Judge it bet by bet. The cleaner the case in the prose, the more decay I'll tolerate. Rule of thumb is about two-thirds of the advised price — 14/1 down to 10/1 is still in, 9/1 down to 6/1 still fine, anything below that is marginal.

Worth knowing: short prices often drift back out as the off approaches, especially on outsiders. Keep checking in the last 20 minutes — you may get back to the advised price or close to it. And always bet with bookmakers offering Best Odds Guaranteed so you're covered if the SP comes back bigger.

Why are some bets win-only and others each-way?
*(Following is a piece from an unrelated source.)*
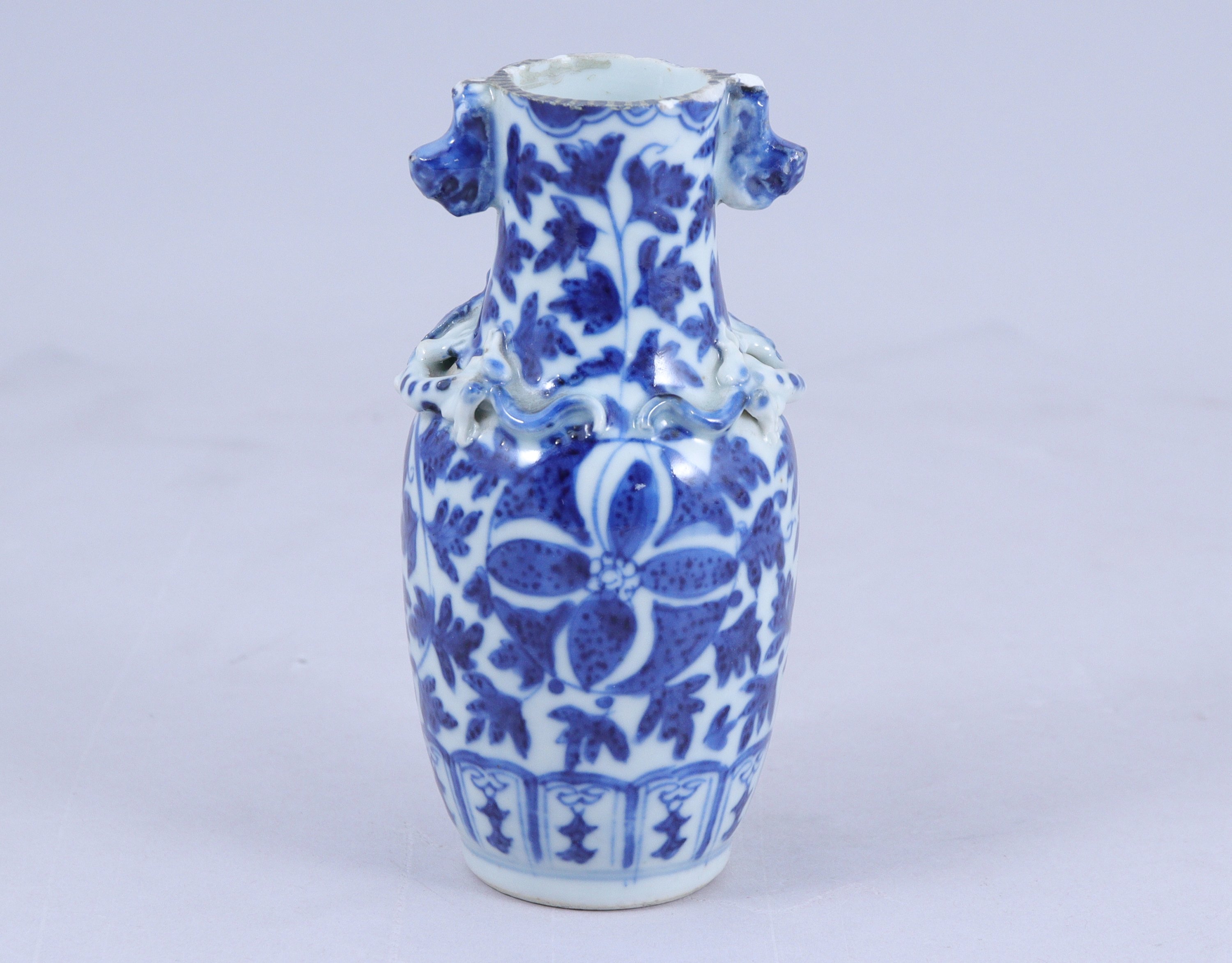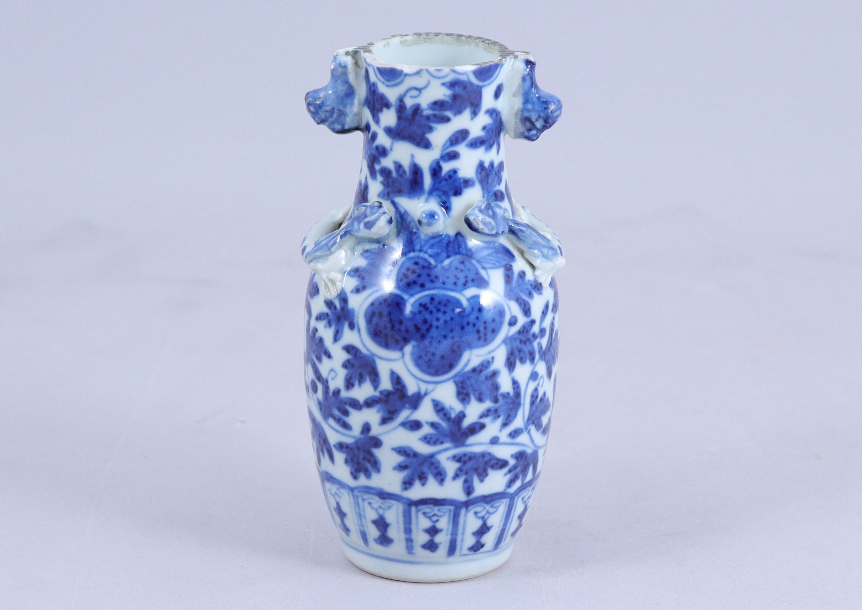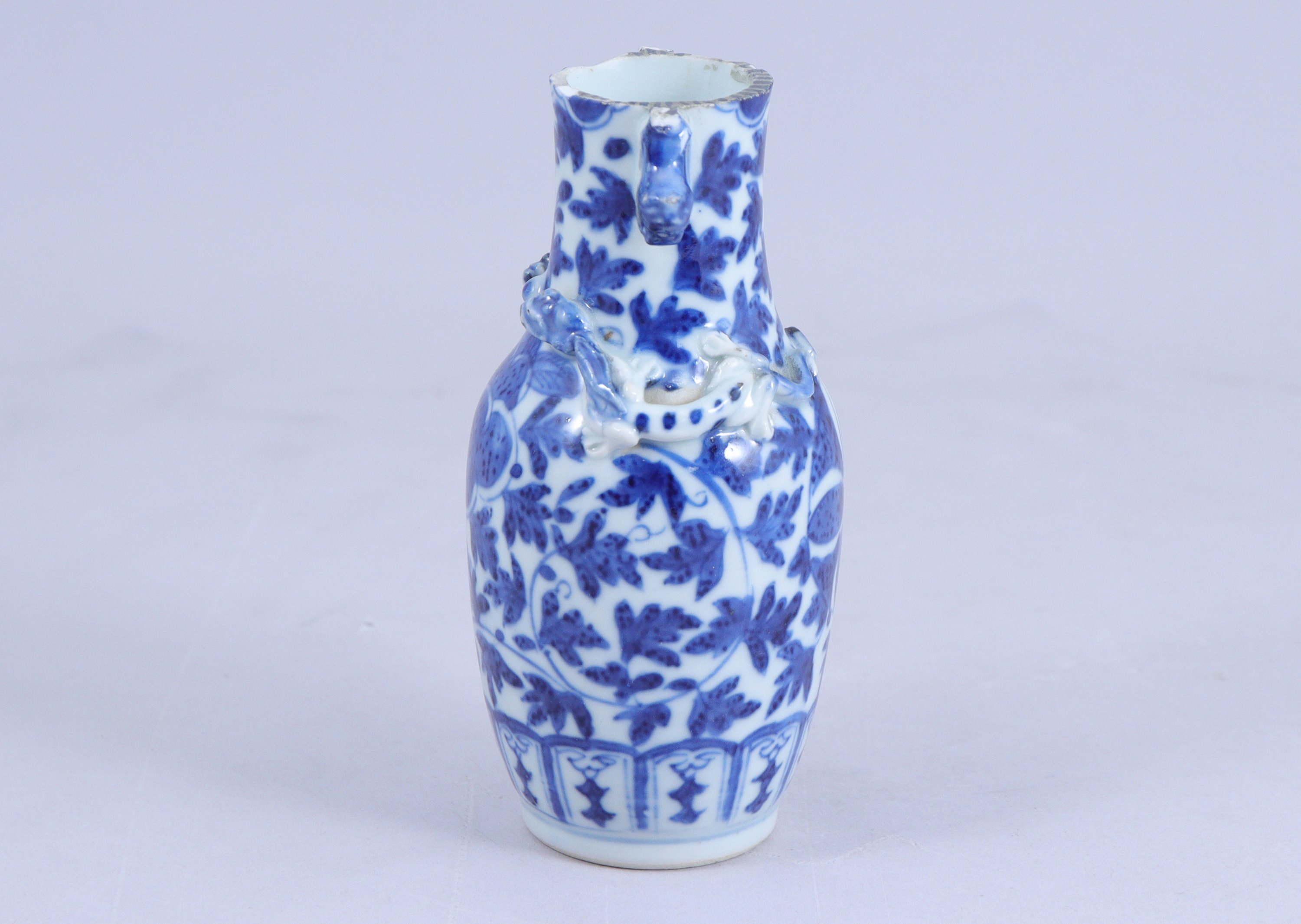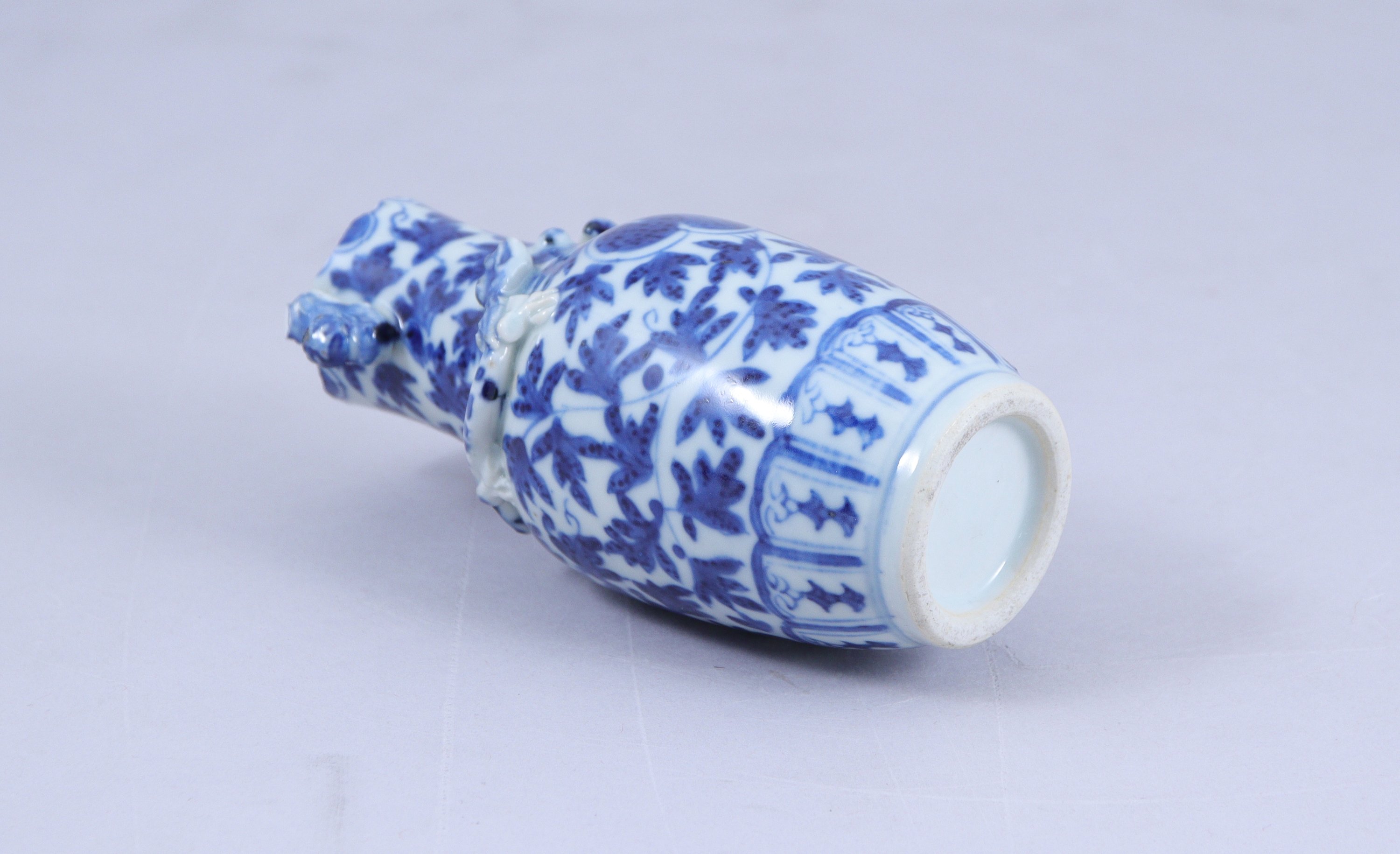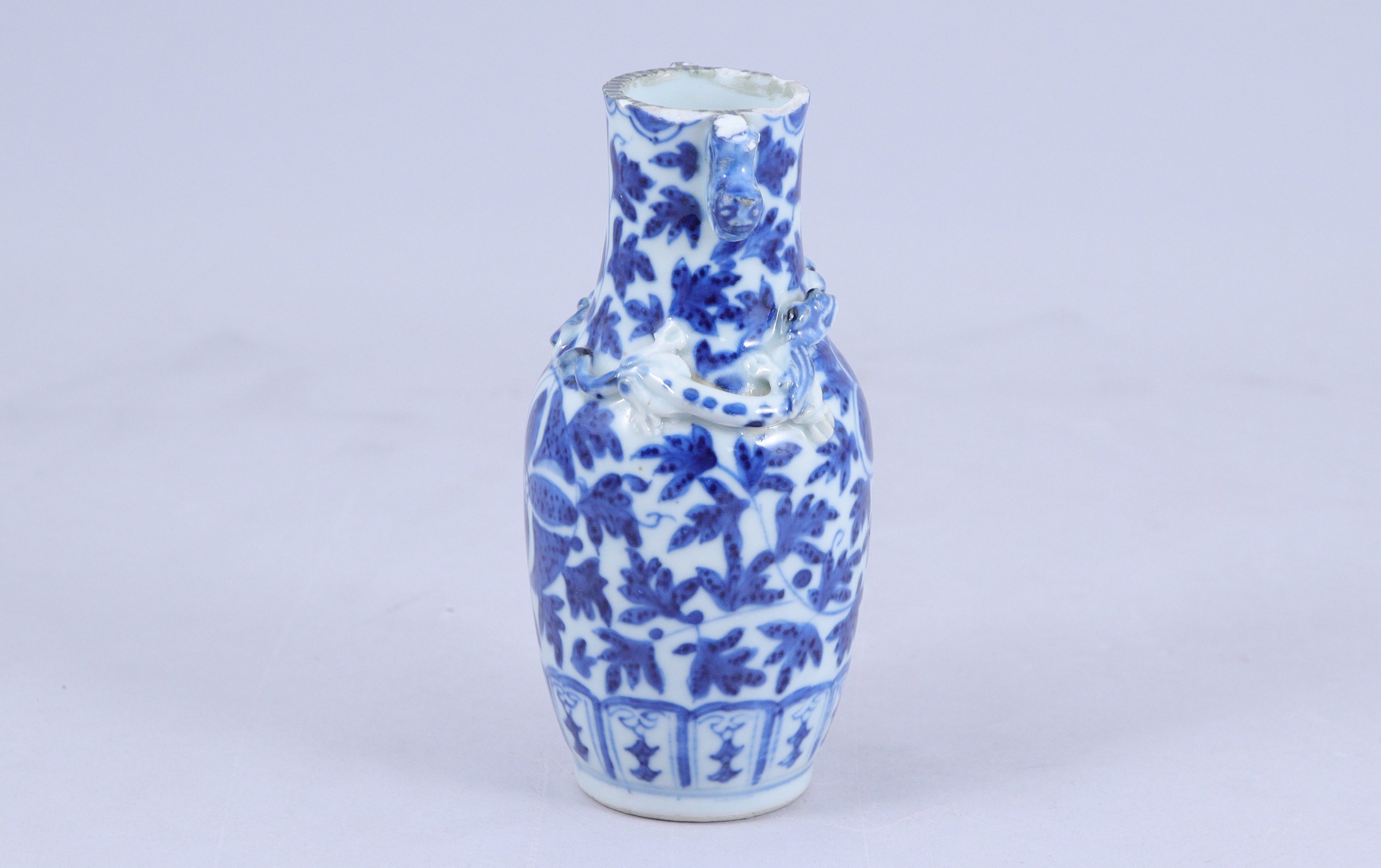 en porcelaine bleue et blanche avec deux dragons appliqués chassant la perme sacrée. Anses à motifs de lions allongés.

Three things decide it: confidence, race shape, and the betting market.

If I think a horse has an outstanding win chance, I'll back it win-only to maximise the return — even at a bigger price, where each-way would normally be the safer call. If the win case is more speculative but the place case is strong, each-way carries the bet.

Concrete example: Almanack at Kempton, 2 July 2014. Advised at 22/1 win-only in the morning. The price shortened to 16/1 SP and he won by a short head on the line. Win-only on a confident shout at a generous price is where the real returns come from — when the case is right, you back it to win, not to hedge.

What happens if my horse is a non-runner?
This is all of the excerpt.